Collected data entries
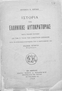 Κωδικός αναγνώρισης: 02-01668 Τίτλος: Ιστορία της Ελληνικής Αυτοκρατορίας δια την Ε΄ τάξιν των Δημοτικών Σχολείων Συγγραφέας: Αντώνιος Χωραφάς Μέγεθος και υπόστρωμα: Σχολικό εγχειρίδιο, μαλακό εξώφυλλο, 82 σελίδες. Εικόνες (ασπρόμαυρες), σκίτσα (ασπρόμαυρα), χάρτες (ασπρόμαυροι). |
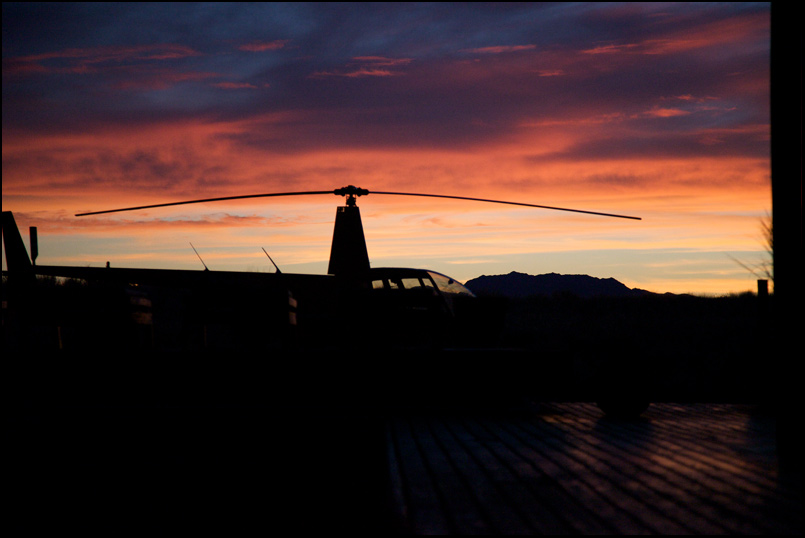 Через 10 минут после взлета загорается лампочка «Fuel Filter». Ощущения мои понятны.. Высота около 6000 футов, плюс 36, горы, пустыня. Встречный ветер притормаживает вертолет до 130 километров в час. От гор еще и турбулентность, чтоб их... Плюхаюсь на какой-то куст. Воды нет, бензина впритык. Смеркается. Вечер обещает быть томным. Рассуждения в стиле того, что «.. ну лампочка, она же ведь желтая, значит - не страшно.. да и в РЛЭ написано - «приземлиться, как только сможете».. а я ведь пока не могу? Нет, не могу.. Летим дальше».
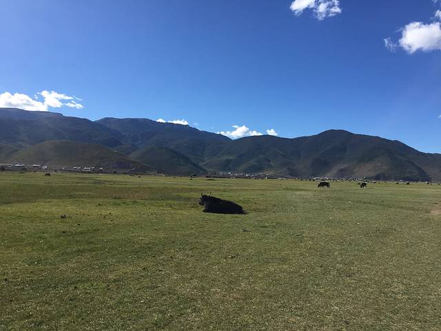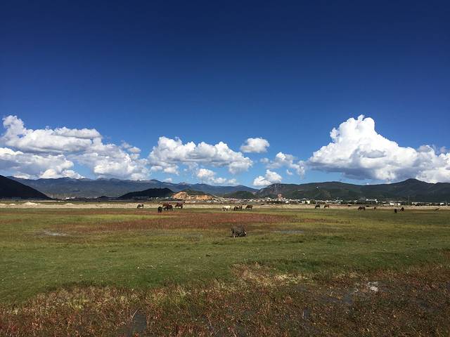 一路往上,来到了伊拉草原,雨季的时候,这里就是纳帕海。天很蓝,牛,马,猪在草原上悠闲的吃草,很美丽和谐的画面。这边的牛羊马什么的,除了藏獒都是放养的,所以在这种美丽和谐的环境下,脑子里面都是就地架个烧烤架烤牦牛,烤藏香猪的画面,讲真,在伊拉草原旁边的藏民家吃了,真的很好吃。
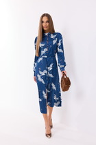 Комбинированное платье А-образного силуэта, отрезное по линии талии. Лиф изделия выполнен из трикотажной ткани, рукава и юбка - плательной вискозы.  По переду и спинке вертикальные рельефы.  Рукав втачной, низ рукава оформлен резинкой. Воротник - стойка. Застежка на тесьму -молнию, расположенную по центру переда и на воротнике. Изделие без подкладки.
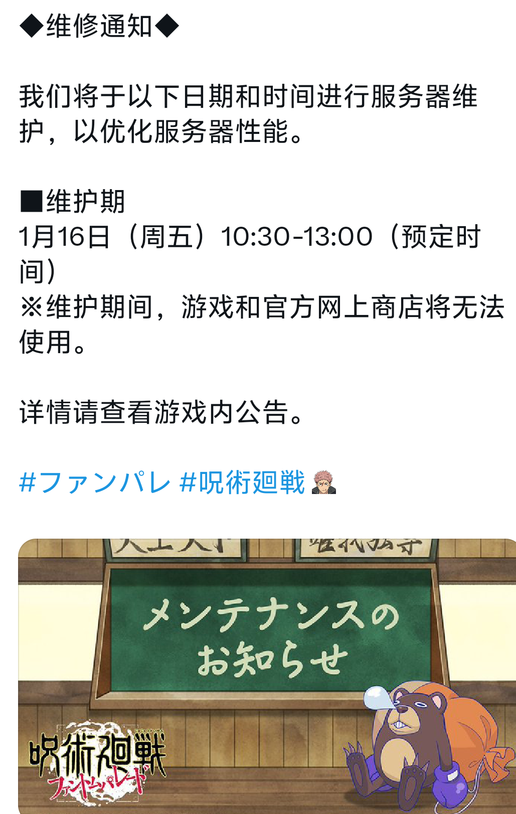 16号早上9点半服务器维护更新,记得提前清一下体力
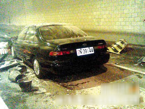 肇事轿车及惨不忍睹的事发现场。
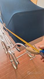 Vendo carrozzina d'epoca marca Guizzardi, originale italiana degli Anni '70. La struttura in metallo cromato e le grandi ruote a raggi sono in buone condizioni. Questo pezzo vintage presenta i normali segni del tempo che ne confermano l'autenticità. Ideale per collezionisti o esposizioni. Misure in foto e a richiesta

• PROBLEM REQUIREMENTS
Render the data above verbatim and without pictures.

• ANSWER TO THIS TASK
 Κωδικός αναγνώρισης: 02-01668 Τίτλος: Ιστορία της Ελληνικής Αυτοκρατορίας δια την Ε΄ τάξιν των Δημοτικών Σχολείων Συγγραφέας: Αντώνιος Χωραφάς Μέγεθος και υπόστρωμα: Σχολικό εγχειρίδιο, μαλακό εξώφυλλο, 82 σελίδες. Εικόνες (ασπρόμαυρες), σκίτσα (ασπρόμαυρα), χάρτες (ασπρόμαυροι). |
 Через 10 минут после взлета загорается лампочка «Fuel Filter». Ощущения мои понятны.. Высота около 6000 футов, плюс 36, горы, пустыня. Встречный ветер притормаживает вертолет до 130 километров в час. От гор еще и турбулентность, чтоб их... Плюхаюсь на какой-то куст. Воды нет, бензина впритык. Смеркается. Вечер обещает быть томным. Рассуждения в стиле того, что «.. ну лампочка, она же ведь желтая, значит - не страшно.. да и в РЛЭ написано - «приземлиться, как только сможете».. а я ведь пока не могу? Нет, не могу.. Летим дальше».
 一路往上,来到了伊拉草原,雨季的时候,这里就是纳帕海。天很蓝,牛,马,猪在草原上悠闲的吃草,很美丽和谐的画面。这边的牛羊马什么的,除了藏獒都是放养的,所以在这种美丽和谐的环境下,脑子里面都是就地架个烧烤架烤牦牛,烤藏香猪的画面,讲真,在伊拉草原旁边的藏民家吃了,真的很好吃。
 Комбинированное платье А-образного силуэта, отрезное по линии талии. Лиф изделия выполнен из трикотажной ткани, рукава и юбка - плательной вискозы.  По переду и спинке вертикальные рельефы.  Рукав втачной, низ рукава оформлен резинкой. Воротник - стойка. Застежка на тесьму -молнию, расположенную по центру переда и на воротнике. Изделие без подкладки.
 16号早上9点半服务器维护更新,记得提前清一下体力
 肇事轿车及惨不忍睹的事发现场。
 Vendo carrozzina d'epoca marca Guizzardi, originale italiana degli Anni '70. La struttura in metallo cromato e le grandi ruote a raggi sono in buone condizioni. Questo pezzo vintage presenta i normali segni del tempo che ne confermano l'autenticità. Ideale per collezionisti o esposizioni. Misure in foto e a richiesta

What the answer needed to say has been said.